= Opportunistic breeder =

Environmental mating strategy employed by various organisms

Flexible or opportunistic breeders mate whenever the conditions of their environment become favorable. Their ability and motivation to mate are primarily independent of day-length (photoperiod) and instead rely on cues from short-term changes in local conditions like rainfall, food abundance and temperature. Another factor is the presence of suitable breeding sites, which may only form with heavy rain or other environmental changes.
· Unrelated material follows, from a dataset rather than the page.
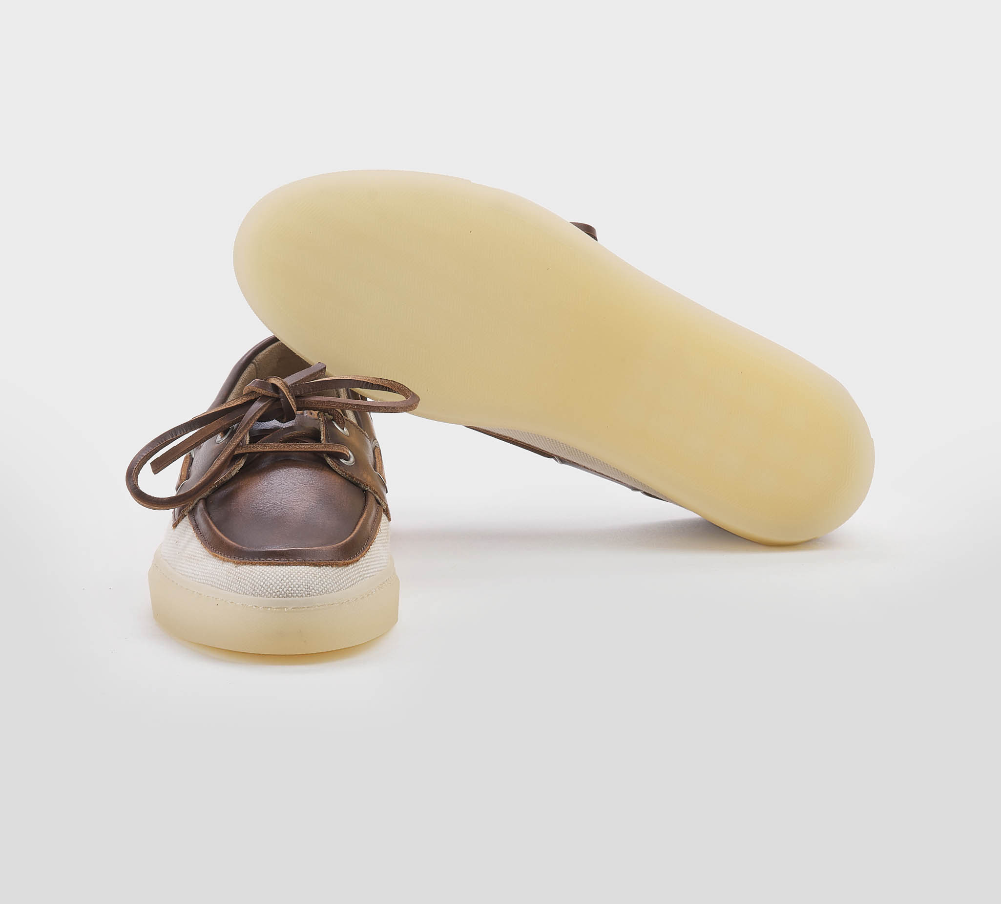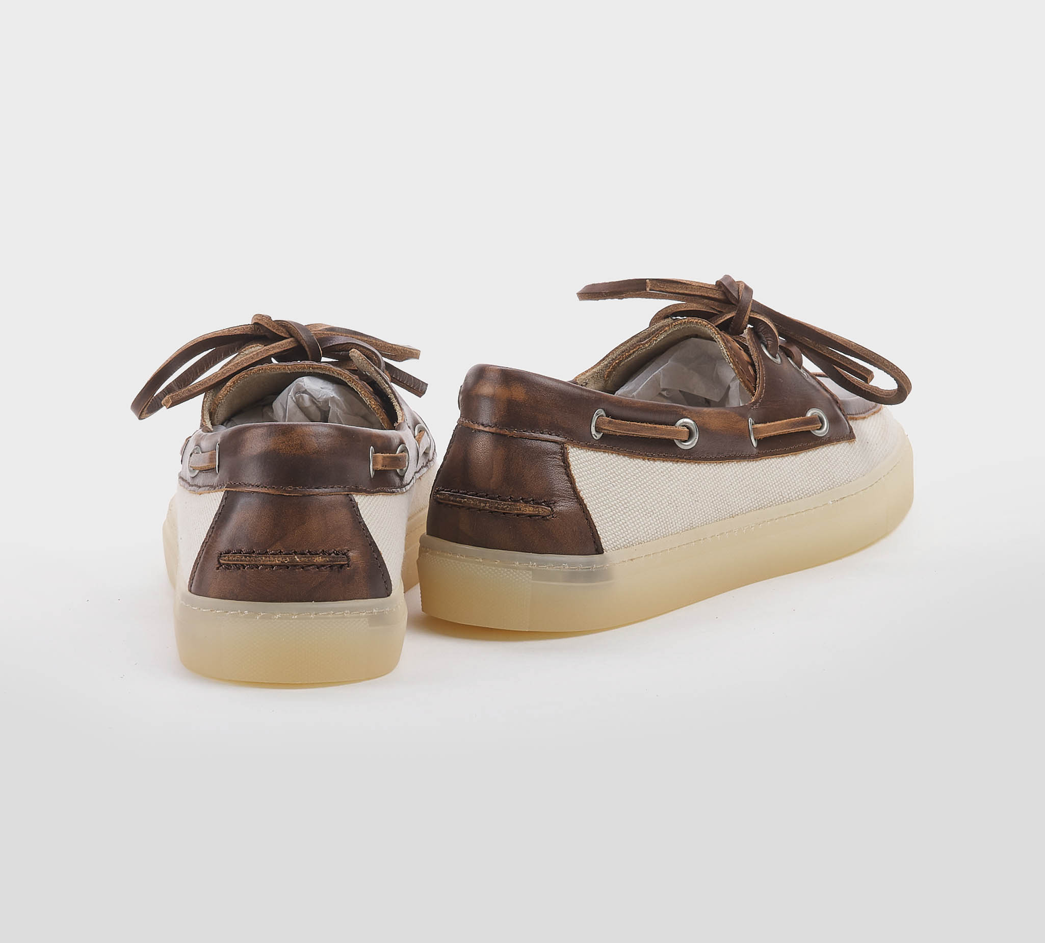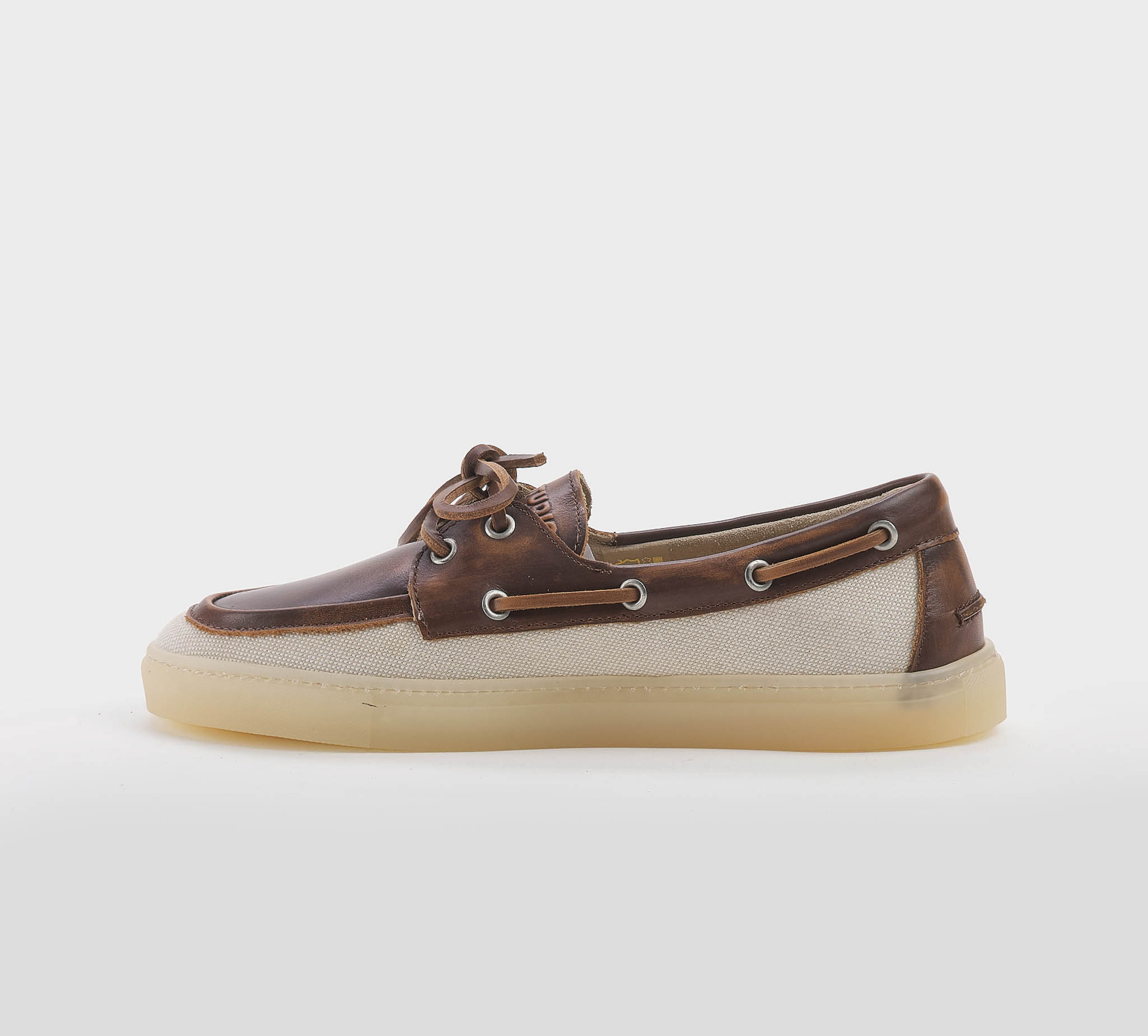 Mocassino barca in pelle marrone -inserti canvas panna -laccio cuoio -calzata regolare Fondo gomma SS 26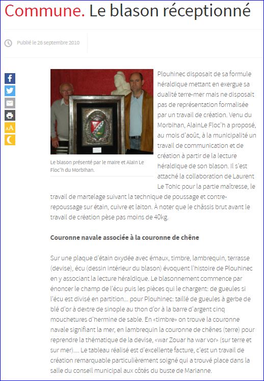 Article de presse Le Télégramme, 29 septembre 2010, sur le site du journal.

Thus, they are distinct from seasonal breeders that rely on changes in day length to induce entry into estrus and to cue mating, and continuous breeders like humans that can mate year-round. Other categories of breeders that perhaps can be subdivided under the heading "opportunistic" have been used to describe many species, such as many that are anurans like frogs. These include sporadic wet and sporadic dry, describing animals that breed sporadically not always under favorable conditions of rain or lack thereof.

Many opportunistic breeders are non-mammals. Those that are mammals tend to be small rodents.

Since changes in season can coincide with favorable changes in environment, the distinction between seasonal breeder and opportunistic can be muddled. In equatorial climes, the change in seasons is not always perceptible and thus, changes in day length not remarkable. Thus, the tree kangaroo (Dendrolagus) previously categorized as a seasonal breeder is now suspected to be an opportunistic breeder.

Additionally, opportunists can have qualities of seasonal breeders. The red crossbill exhibits a preference (not a requirement) for long-day seasonality, but requires other factors, especially food abundance and social interactions, in order to breed. Conversely, food availability by itself incompletely promotes reproductive development.

==Physiology==
Opportunistic breeders are typically capable of breeding at any time or becoming fertile within a short period of time. An example is the golden spiny mouse where changes in dietary salt in its desert habitat due to rainfall appear to cue reproductive function. Increased levels of salinity in drying vegetation cause females to experience a reproductive hiatus.

While reproduction is generally independent of photoperiod, animals can still experience reduced fertility with changes in day-length.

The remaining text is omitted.